TRY IT: Your answer should be an exact copy of the lines from the one containing "张红萍将中国南派木雕工艺与敦" through the last line of the records below, without any pictures.

════════════════════

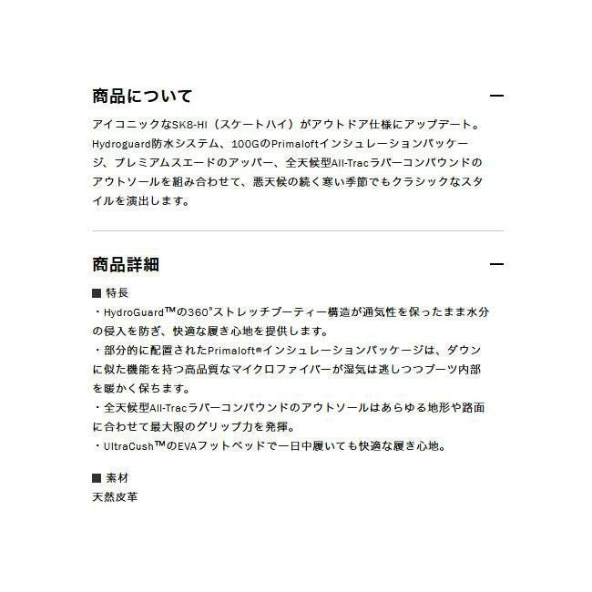 ■モデル:MTE Sk8-Hi Waterproof Insulated(スケートハイ)
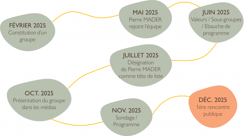 Déjà 10 mois de travail, voici les différentes étapes que nous avons traversé avant de nous présenter à vous dans le cadre de ces élections municipales
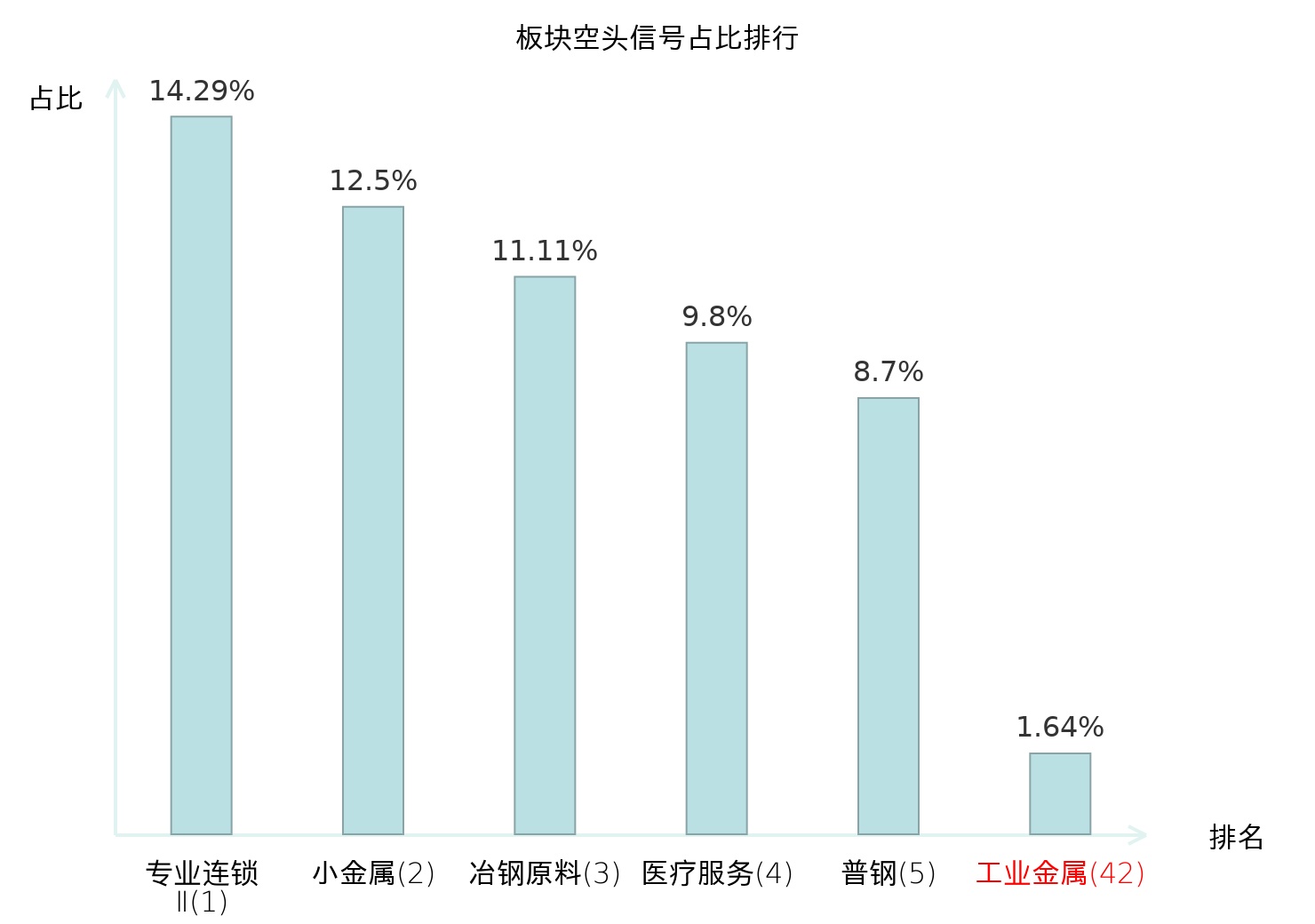全市场所有行业板块中主力空头信号占比排名中,专业连锁Ⅱ板块位居第一。军工电子Ⅱ板块名次提升最快,较昨日上升106位。
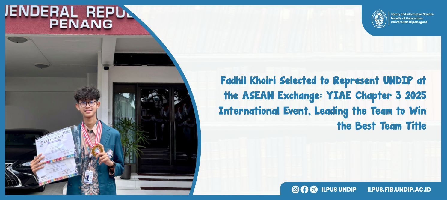 Semarang, September 4, 2025 -Exciting news comes from Fadhil Khoiri, a student majoring in Library and Information Science at Diponegoro University, who has achieved international success in the ASEAN Exchange: Youth Inter-Action Exploration (YIAE) Chapter 3, organized by Indonesian Youth Action (IYA) from August 11–16, 2025, in three countries: Singapore, Malaysia, and Thailand.
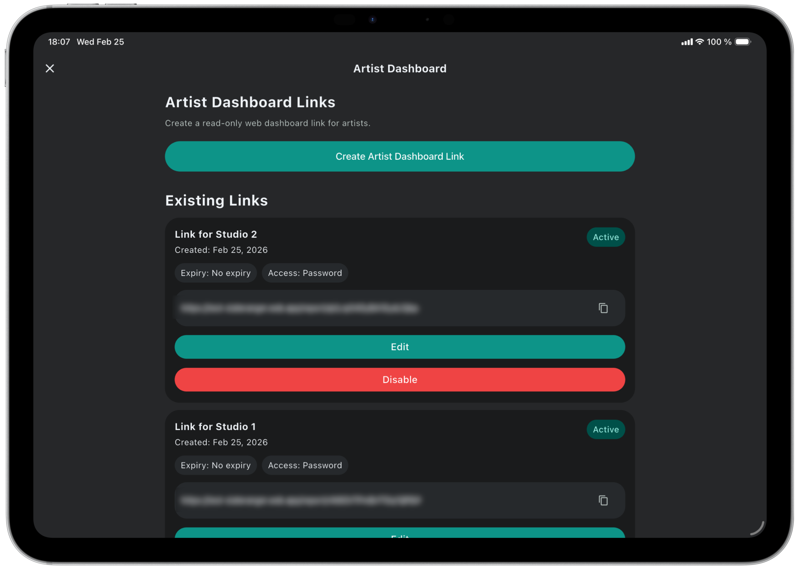 This section provides an overview of all existing links, allowing you to see which ones are active and currently shared with artists.
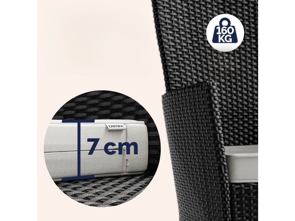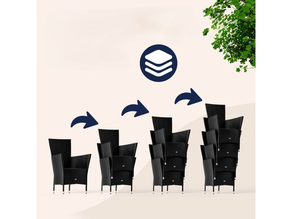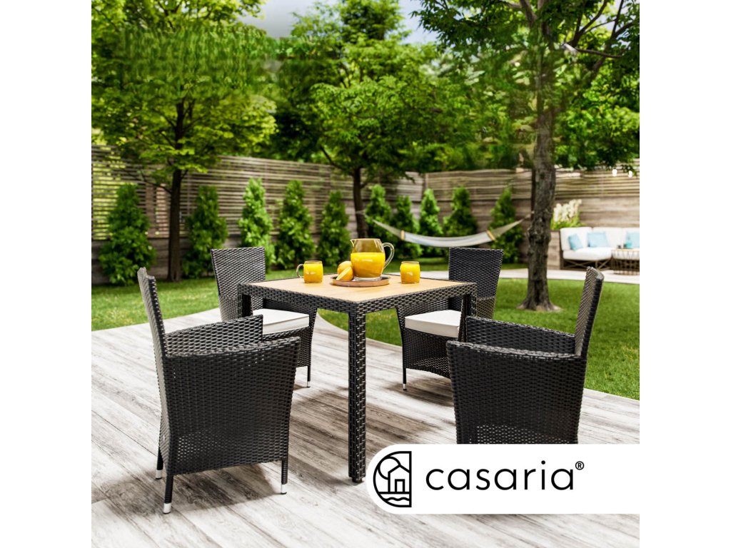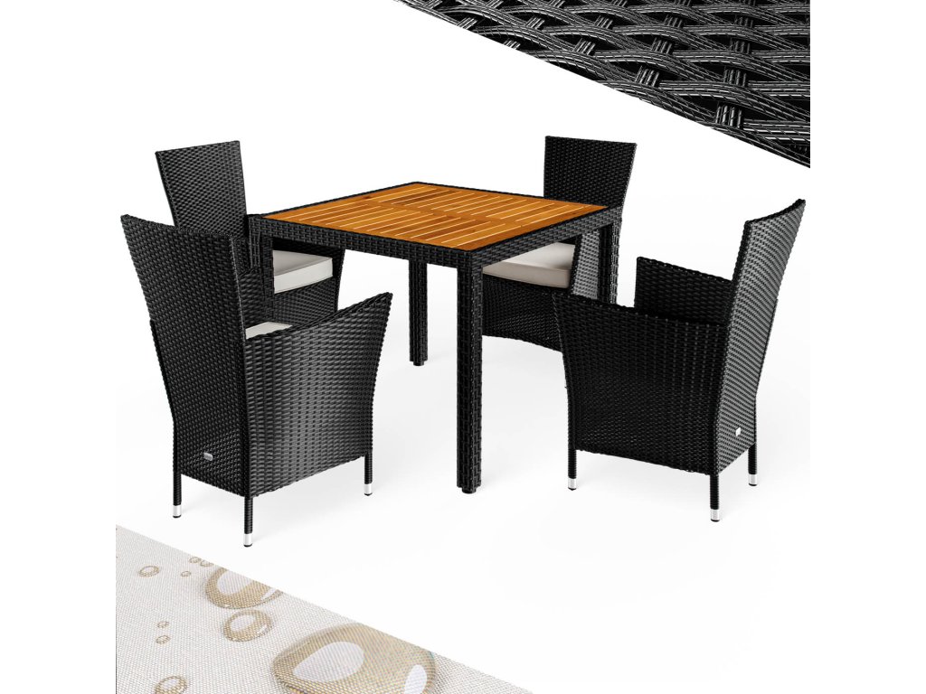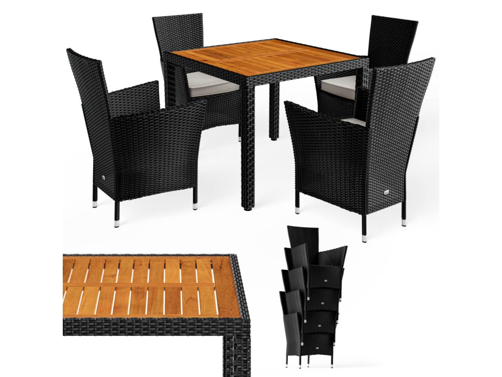 Setul de grădină din poliratan împletit manual, rezistent la condițiile meteorologice, include un masă cu dimensiunile de 90 x 90 cm și patru scaune de grădină stivuibile. Spătarele curbate, spătarele largi și pernele cu grosimea de 7 cm oferă confort maxim la ședere. Fiecare scaun din set poate susține până la 160 kg și pot fi stivuite cu ușurință pentru economisirea spațiului. Blatul mesei din lemn de agat conferă setului un aspect modern, cald și natural, care se potrivește perfect în orice oază de grădină.Beneficiile produsului:
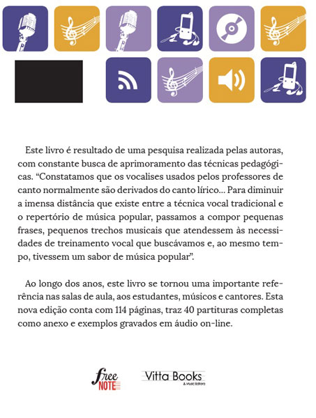 Este livro é resultado de uma pesquisa realizada pelas autoras, com constante busca de aprimoramento das técnicas pedagógicas. "Constatamos que os vocalises usados pelos professores de canto normalmente são derivados do canto lírico... Para diminuir a imensa distância que existe entre a técnica vocal tradicional e o repertório de música popular, passamos a compor pequenas frases, pequenos trechos musicais que atendessem às necessidades de treinamento vocal que buscávamos, e ao mesmo tempo tivessem um sabor de música popular."
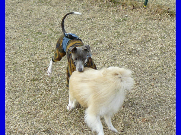ジョンもパピもあっちに行ったりこっちに来たりと楽しそうに走り回っていました(^-^)
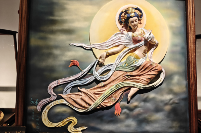 张红萍将中国南派木雕工艺与敦煌莫高窟的矿物粉彩绘结合,再加以特殊的调制和上色,创作出了《出浴》《敦煌吉祥天》《九色鹿的故事》等作品。
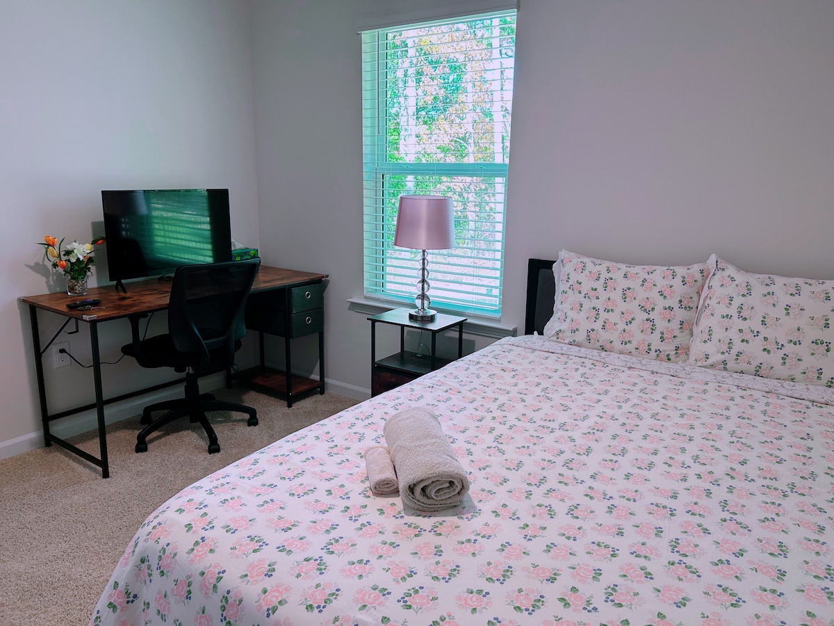 Spacious, beautiful room with two comfortable beds, a 65 inch TV for you to enjoy a hotel level experience, whether you are on a business trip or a leisure vacation, this is the perfect place for you to relax.Bring your whole family to this wonderful home and enjoy a high-quality accommodation experience. The bus stop is a 2-minute walk from the house, and it is more than 10 minutes' drive from downtown Raleigh.

════════════════════

COMPLETED TASK:
 张红萍将中国南派木雕工艺与敦煌莫高窟的矿物粉彩绘结合,再加以特殊的调制和上色,创作出了《出浴》《敦煌吉祥天》《九色鹿的故事》等作品。
 Spacious, beautiful room with two comfortable beds, a 65 inch TV for you to enjoy a hotel level experience, whether you are on a business trip or a leisure vacation, this is the perfect place for you to relax.Bring your whole family to this wonderful home and enjoy a high-quality accommodation experience. The bus stop is a 2-minute walk from the house, and it is more than 10 minutes' drive from downtown Raleigh.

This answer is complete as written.